Cyrill Gorcunov gorcunov at gmail.com
Sat Dec 5 22:58:27 MSK 2020


On Sat, Dec 05, 2020 at 07:33:05PM +0100, Vladislav Shpilevoy wrote:
> >  |   "build": {
> >  |     "major": 2,
> >  |     "minor": 7,
> >  |     "patch": 0,
> 
> 1. Why do you need the version numbers and the 'version'
> string both? All can be extracted from 'version' string.

Sure we can extract it but I thought this gonna be more
convenient 'cause it won't require the reader to split
string, extract the major/minor. This is not a problem
to drop these fields and leave "version" only if you prefer.
I don't mind.

> >  |   },
> >  |   "signal": {
> >  |     "signo": 11,
> >  |     "si_code": 0,
> >  |     "si_addr": "0x3e800009727",
> >  |     "backtrace": "IzAgIDB4NjMyODhiIGlu..",
> >  |     "timestamp": "0x164ceceac0610ae9",
> 
> 2. Why is timestamp in hex? And why do you need both
> hex and string?

hex is simply more short form for timestamp, I can put
plain integer number if you prefer.

as to time string -- the prblem is in local timezone,
the timestamp itself doesn't show which tz it is. thus
we either have to send tz explicitly or a time string.

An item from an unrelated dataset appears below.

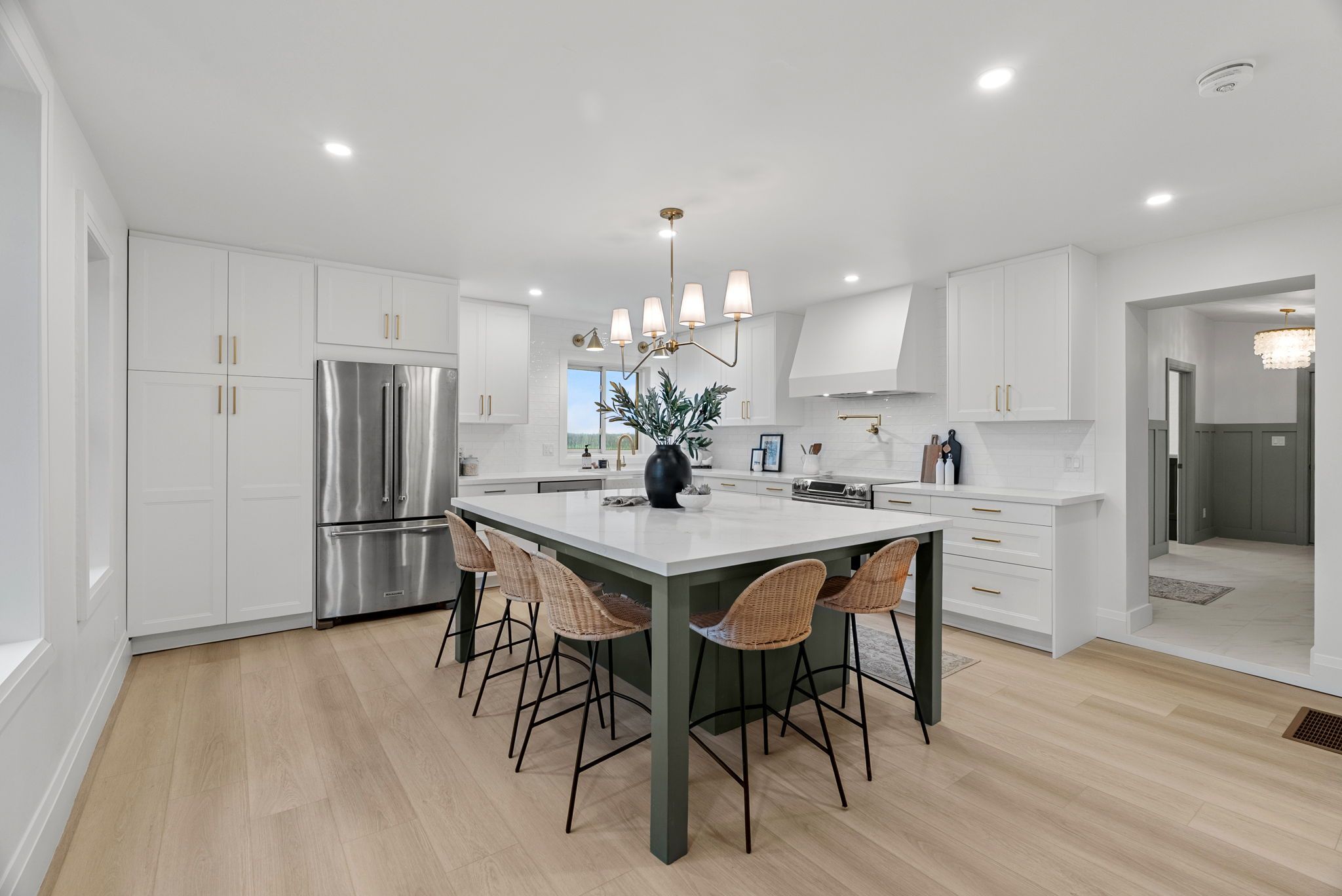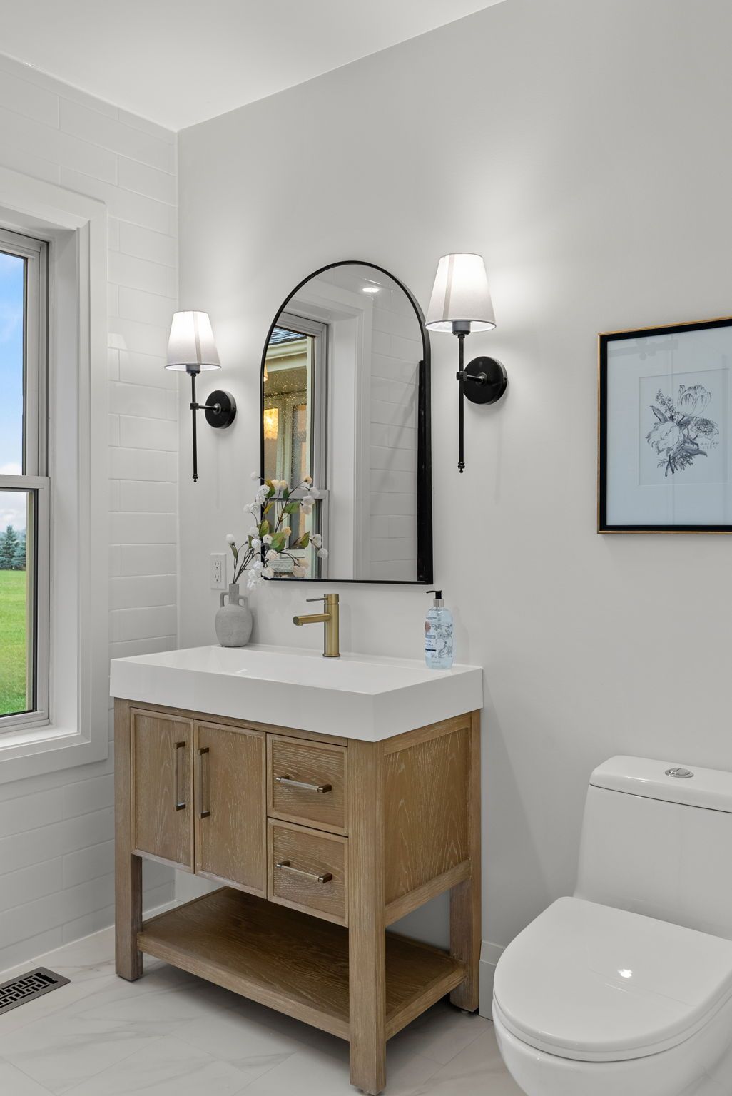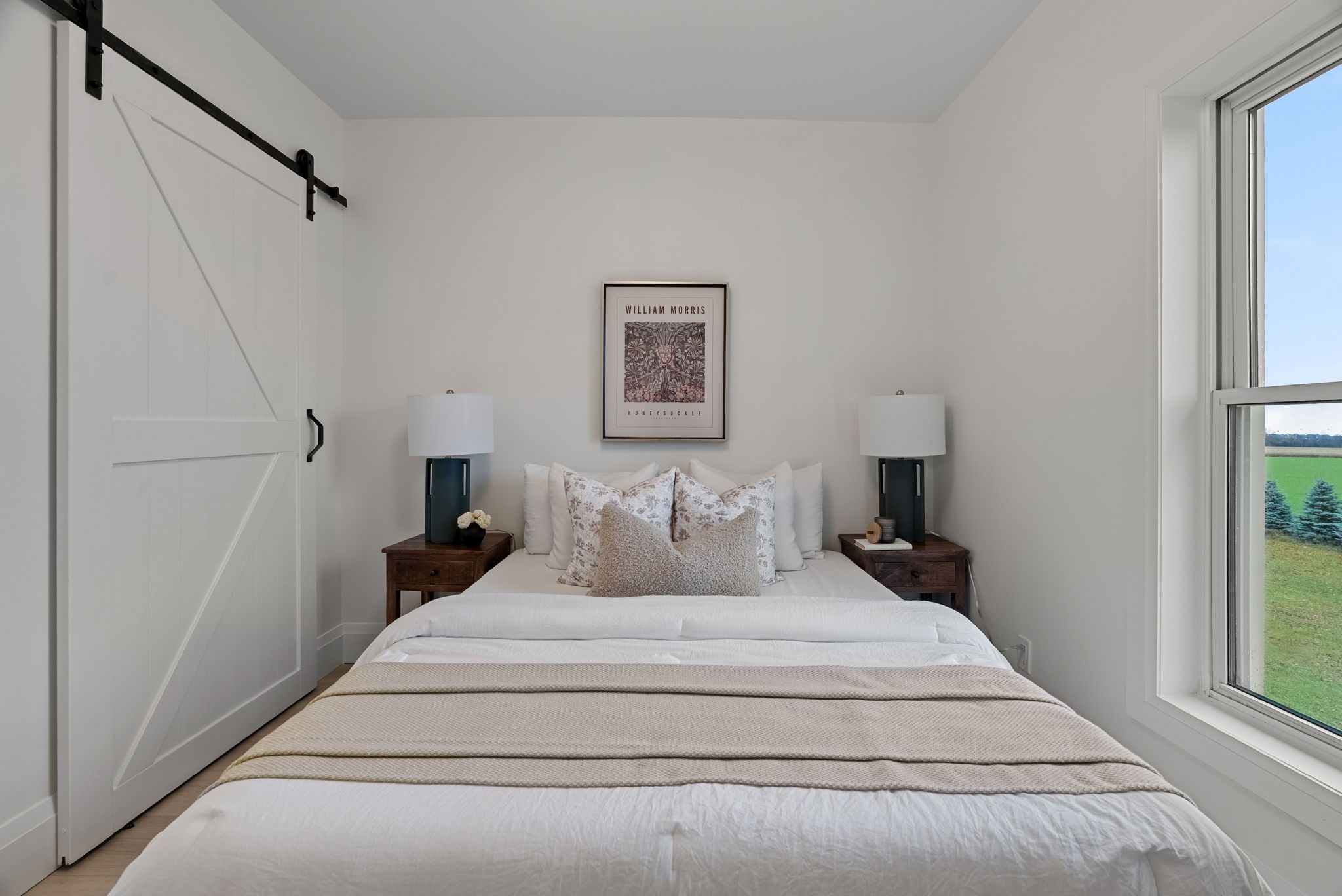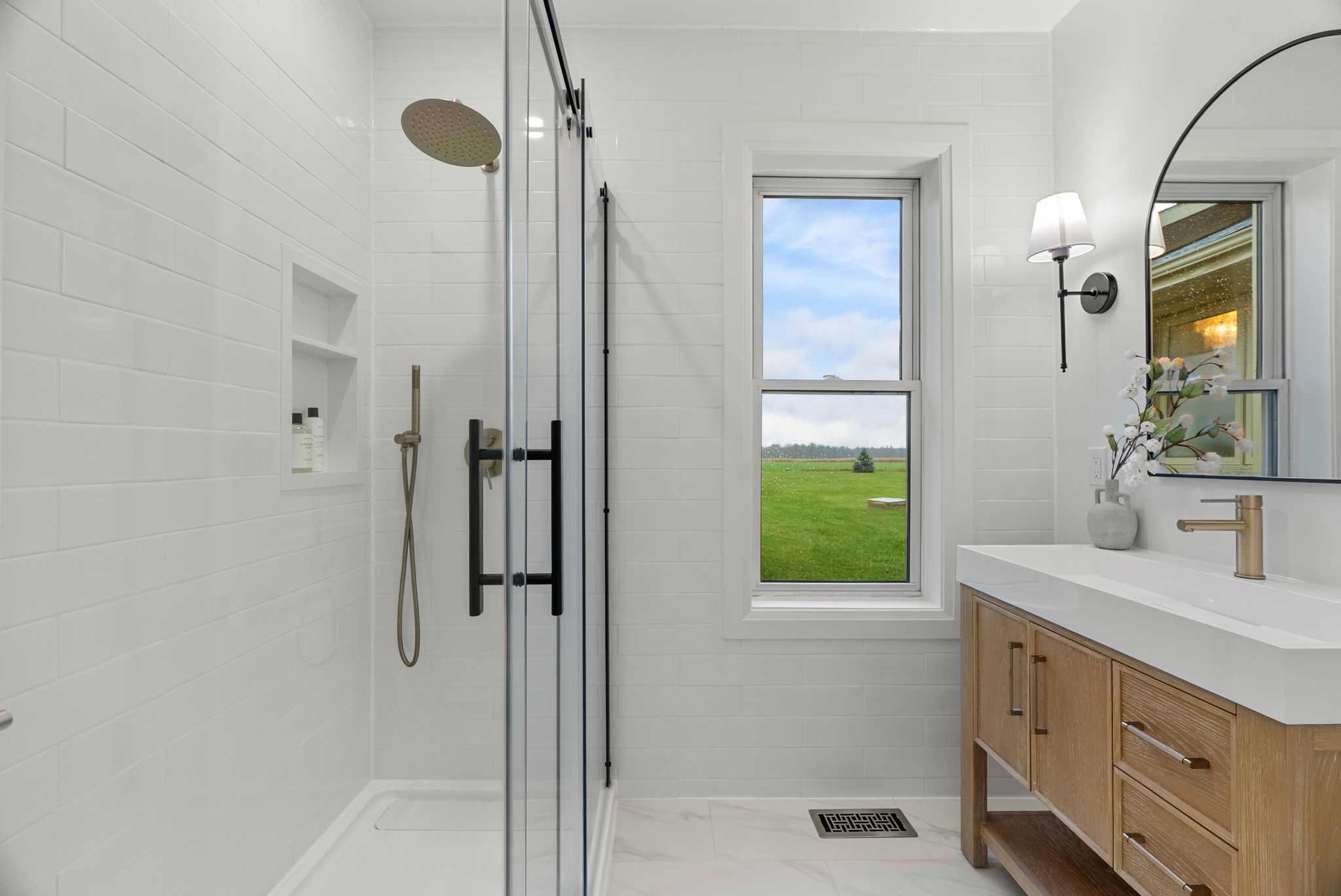Out where the nights go quiet and the sky still turns gold at dinner hour, this double yellow brick country home sits on 1. 88 acres, calm, finished, and ready for its next people. No renos. No projects. Just move in and start living. Inside, the home feels fresh and grounded. White walls, soft greens, and warm black and gold accents play off natural wood tones for that modern farmhouse feel. The kitchen is the kind that makes you want to cook again, with a massive quartz island, pot filler, and a door to the deck where you catch the sunset over the fields. Off the entry, the laundry room is both beautiful and practical, and the main floor bedroom doubles perfectly as an office. The living room opens to the kitchen so no one ever misses the game or the conversation. The bay window floods the space with golden evening light, while a tiled electric fireplace and reclaimed wood-beam mantle add cozy charm. Upstairs, the primary bedroom feels like a quiet retreat, airy, and spacious enough for a king bed and sitting area. The upper bath is the true showstopper: a full wet room with an open-concept shower and freestanding soaking tub, tiled to the ceiling and accented with gold fixtures. Both bathroom vanities feature warm wood textures, including a stunning fluted double vanity that feels straight out of a design magazine. Outside, the lifestyle speaks for itself, natural gas heat in the country, fibre internet, mature trees, and open, flat land with room for a future shop, garden, or pool. The deck is updated, water and hydro are already run outside, and the double garage with inside entry is spotless. If you've been waiting to move to the country without inheriting someone else's projects, this is the one you simply walk into and start living.

if you mean to simply drop timestamp and use timestring
only I'm ok with this..

> 
> >  |     "timestamp_str": "2020-12-02 17:34:20 MSK"
> >  |   }
> >  | }
> > 
> > Part-of #5261
> 
> 3. Lets better put the issue link in the end, like we do in 100%
> of our patches except when a docbot request is present. Because
> we usually look for issue reference in the end, and by putting it
> into a random place of a commit message you complicate that
> search.

Ouch, sorry. Been basing so many times that managed to miss this,
thanks!

> > variables internally and feedback_no_crashinfo will be introduced
> > in next paches, thus after this patch the crash report is disabled.
> 
> 4. paches -> patches. You need to turn on a spell checker or something.

true, thanks!

> > +
> > +static struct errstat glob_errstat;
> > +static bool cfg_send_crash = false;
> 
> 5. Why do you have a global object for this module, and yet
> this part of it is separated into another global variable?

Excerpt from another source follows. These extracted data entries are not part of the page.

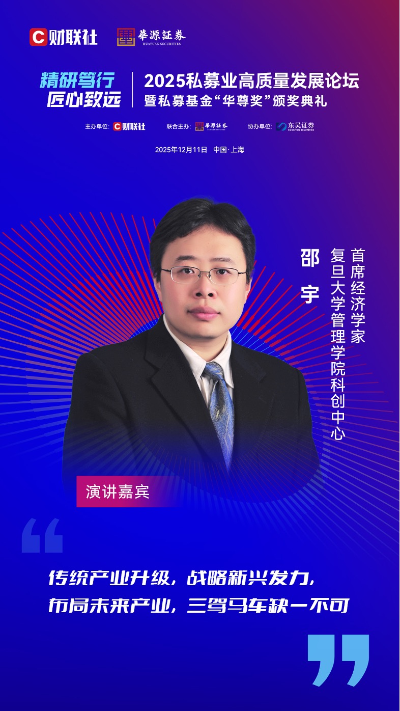 邵宇同时也是国家金融与发展实验室特聘高级研究员。作为兼具政商学界阅历的资深经济学家,也作为业界高度认可的新一代海派经济学家领军人物,邵宇近年来持续关注中国经济结构转型与金融改革,在“十四五”与“十五五”承上启下的关键节点,以科技创新为核心的新质生产力将成为驱动经济增长的核心引擎。相信他的演讲,将为私募机构布局未来五年乃至更长时间的战略方向,提供至关重要的宏观框架与产业洞察。
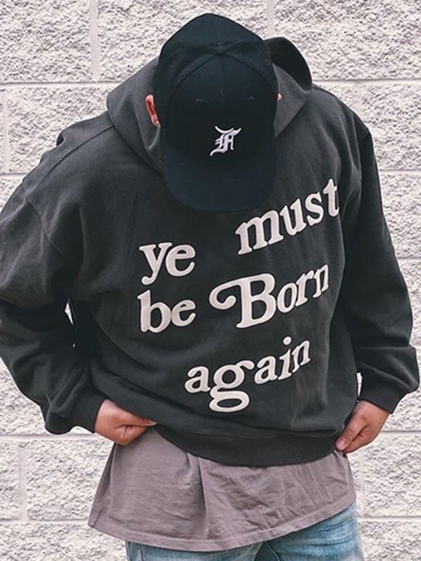 Übergroßer Kapuzenpullover für Herren mit Alphabet-Applikationen
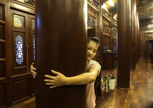 | Với thiết kế này, ngôi nhà tuy bằng gỗ nhưng còn bền vững hơn nhà bê-tông cốt thép, có thể tồn tại giữa trời đất hàng trăm năm. Đế cột được đúc bằng đồng nguyên chất với khối lượng 3,5 tấn. |
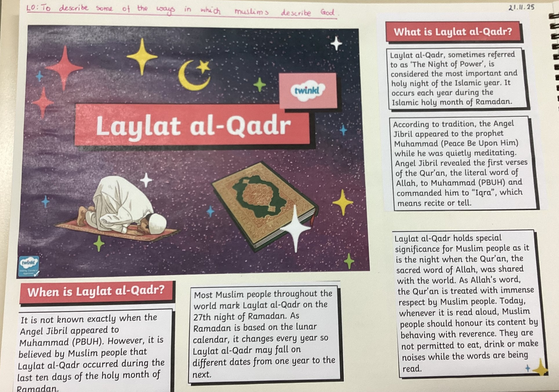 This half-term, we explored what different people believe about God, comparing theist, atheist, and agnostic perspectives. We studied the Christian concept of the Holy Trinity and how Muslims describe God through His 99 names and the concept of Tawhid. By identifying similarities and differences between Islam, Christianity, and Hinduism, we gained a better understanding of how diverse traditions visualise the divine.
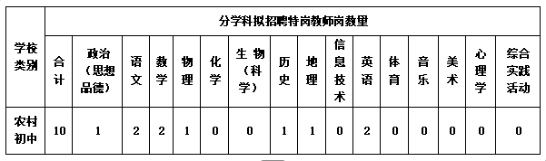 德??h2025年計(jì)劃招聘初中特崗教師10名,具體科目計(jì)劃招聘人數(shù)詳見下表:
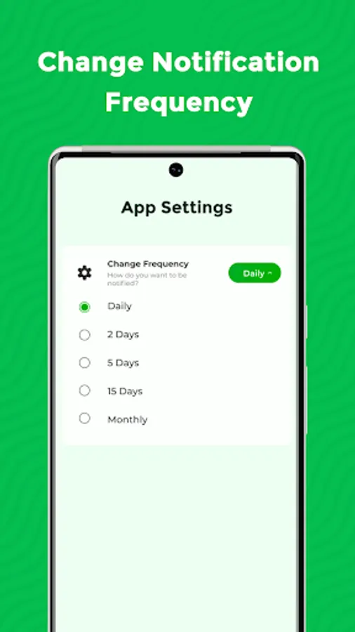 - Adjust notification frequency, Tell the app how often you would like to be notified.
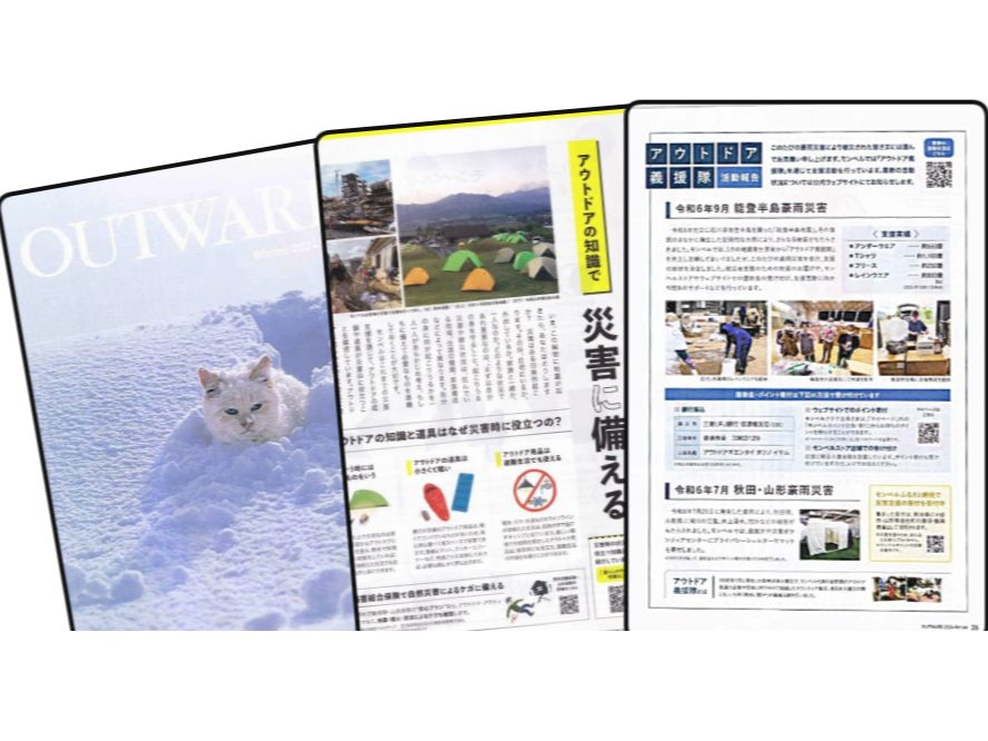 ・モンベルでは「アウトドア義援隊」通じて被災者支援のための援助金の受け付けを行っているが、ポイント寄付も可能。

Good point. Actually I introduced this cfg_send_crash a way
later than glob_errstat. Indeed we can keep this settings inside
errstat.

Also let me explain why this structure called errstat - it
keeps not just report to send but also registers (we use it
to print to a console), backtrace, report. And we're planning
to gather diag_set() calls here as well and provide some
box.info interface for last say 10 errors.

On the other hands crash.c may be sounds better, dunno.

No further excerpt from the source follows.